Aumake’s Asia Strategy Flourishes With Strong Results Amidst Pandemic Recovery and Inbound Tourism Surge

After the lean pandemic years, the Asia-focused goods and services provider Aumake (ASX:AUK) is reaping the top-line benefits of its revised strategy, ahead of the expected return of droves of Chinese visitors to Australia.

Listed on the ASX under the ticker AUK, Aumake recently reported revenue of $16.8 million for the December 2023 half, a 726% improvement on the previous period. Aumake’s net loss also declined 2%, to $1.36 million.

As a specialist premium Australian goods and services provider to the Asian market – notably China – the ASX listed, Parramatta-based Aumake (AUK) is tackling the market gap via its ‘brand incubation’ model. This is based around Hunter Valley wine and the region’s other offerings.

In August last year the Chinese government accorded Approved Destination Status to Australia, opening the way for inbound tourism to resume. While guided tours are yet to return in earnest post-pandemic, Australian and Chinese tourism research forecasts 1.45 million Chinese visitations in 2025 – above the pre Covid levels of 1.4 million.

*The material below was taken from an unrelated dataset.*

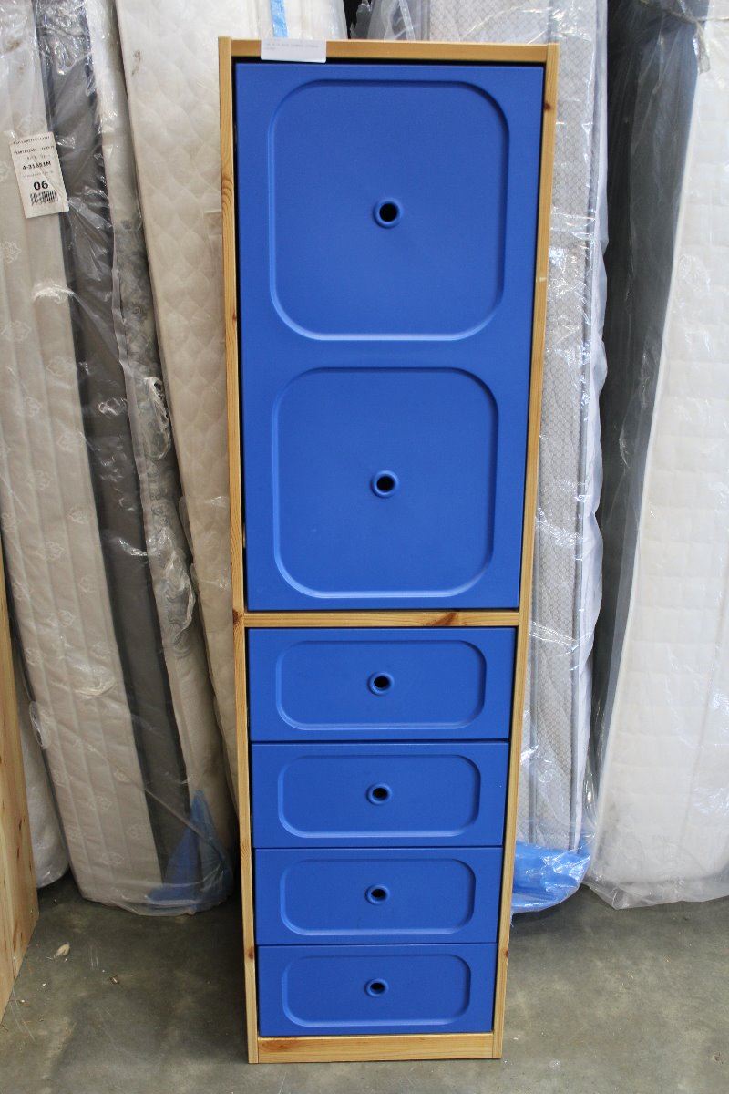 PINE WITH BLUE DRAWERS STORAGE CABINET

In 2028,1.89 million Chinese visitors are expected.

While the opportunities are compelling, there’s also there’s a clear need for more immersive and cohesive ways to expose Asian visitors to the best products and experiences the country has to offer.

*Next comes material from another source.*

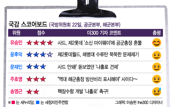 [편집자주] '국감 스코어보드'는 자료충실도·현장활약·국감매너·정책대안 등 4가지 잣대를 바탕으로 머니투데이 the300 기자가 바라본 국회의원들의 활동을 보여드립니다. 매일매일 주요 국정감사 현장을 촌철살인 코멘트와 친근한 이모티콘으로 전달해줌으로써 국민들에게 정치가 보다 가까이 다가가고, 국감이 내실을 기할수 있도록 하기 위한 것입니다.

Last November Aumake entered a non-binding agreement with the Hunter Valley-based Petersons Wines – the company’s first entry into the Australian wine industry.

Last month, the parties sealed the deal with the creation of a joint venture company, Hunter Valley Wine and Tourism Alliance Pty Ltd.

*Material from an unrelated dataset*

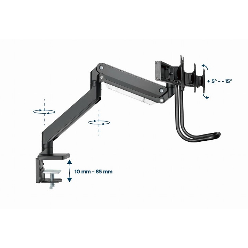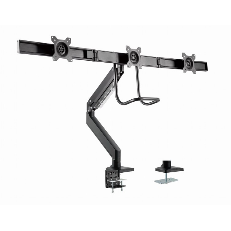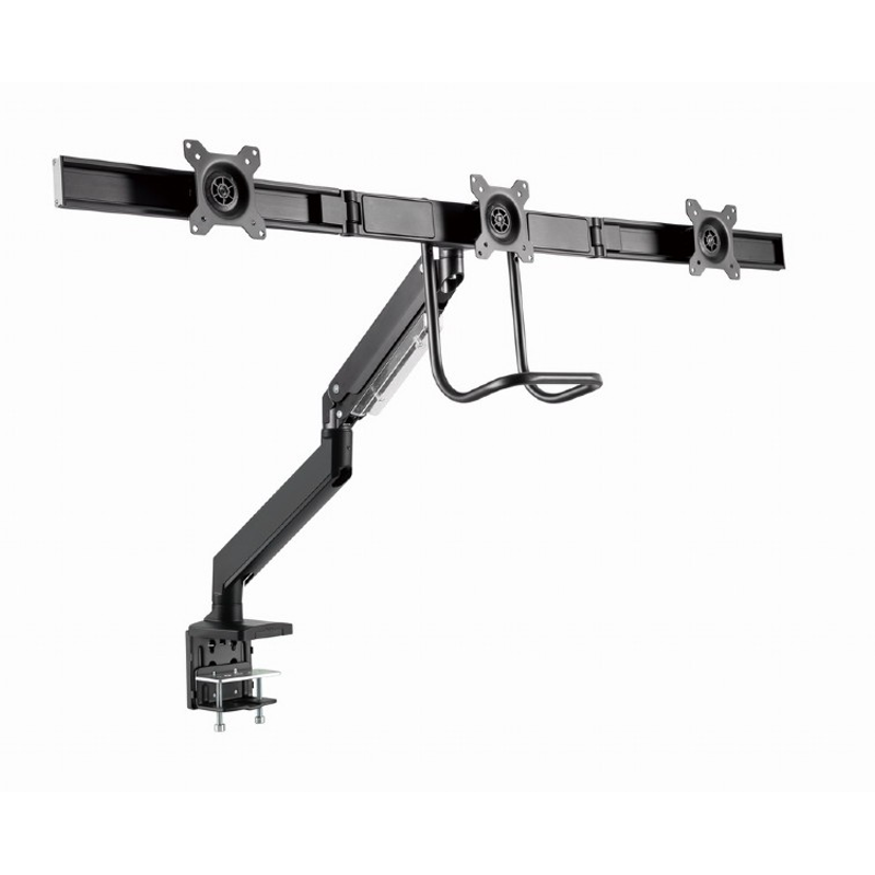 Jekleni mizni nosilec za tri LCD monitorje Gembird MA-D3-03, primeren za zaslone od 17″ do 27″.

 “This foundation will integrate tourism, wine and shopping into a cohesive experience, setting a new standard in the industry,” says Aumake co-founder and managing director Joshua Zhou.

This partnership draws on Aumake’s “direct and effective” connections to the Chinese market.

“By driving innovation and fostering long-term growth, we are set to transform the landscape of the Australian wine industry and its connection with Asia, especially China,” Zhou says.

The tie-up enables a curated exposure to Petersons’ premium drops for Asian visitors – including its $200-a-bottle Back Block shiraz – but the venture goes well beyond wine quaffing.

As part of its broader ambitions, Aumake proposes a Hunter Valley-centred  marketplace to facilitate bookings (including customised tours) and showcase the region’s charms. The winery will host the Hunter Valley Gallery which will showcase wine and wine-related products.

Aumake is partnered with Grand Australia International Pty Ltd (GAT), which provides customised group and private tours for Chinese tourists in Australia. GAT is a key operator in the sector, having handled more than 50,000 tourists annually before the pandemic hit.

In calendar 2024, Aumake expects to open five company-branded stores in Australia, as well as one in Auckland.

Meanwhile, the company attributed the December-half revenue uptick to bolstered sales to its partner and major shareholder, Hong Kong’s HK Huibeijia Brand Manage Co (HKH).

HKH operates both online and physical stores across China. The latter includes 30 flagship stores, with access to up to 1000 more.

Aumake also continues to sell product – including premium seafood, red meat and health supplements – through its WeChat app.

For the full financial year, Aumake targets a 40% revenue increase and a 40% plus margin, as the benefits of the company’s inbound tourism strategy become apparent.

Given Aumake’s slender December end cash balance of $1.688 million – albeit 21% higher than previously –  the ability to access capital remains crucial. In its “emphasis of matter” in its half-year review, Aumake’s external auditor notes a material uncertainty about  the company’s ability to continue as a going concern.

However the board is confident of accessing further capital as required, given the company’s large shareholder base and is sound reputation with the Chinese community.

In November last year the company raised $1.48 million from new and existing institutional and sophisticated shareholders.

In late February this year, Aumake secured a further $2 million of debt funding from an unnamed  “strategic shareholder”, to its subsidiary Newera Australia Pty Ltd.

Aimed at bolstering Aumake’s supply chain capacities, the deal sees the investor emerge with a 49% Newera stake, with Aumake retaining 51%.

The two-year loan is interest-free in the first year, with the second year’s interest at a margin to the RBA’s cash rate. This premium will be negotiated on a “best endeavours” basis.

The Aumake board believes that given the current poor climate for equity raising, debt is a “more prudent and less dilutive” source of funding.

For investors, a case of opportunity in adversity?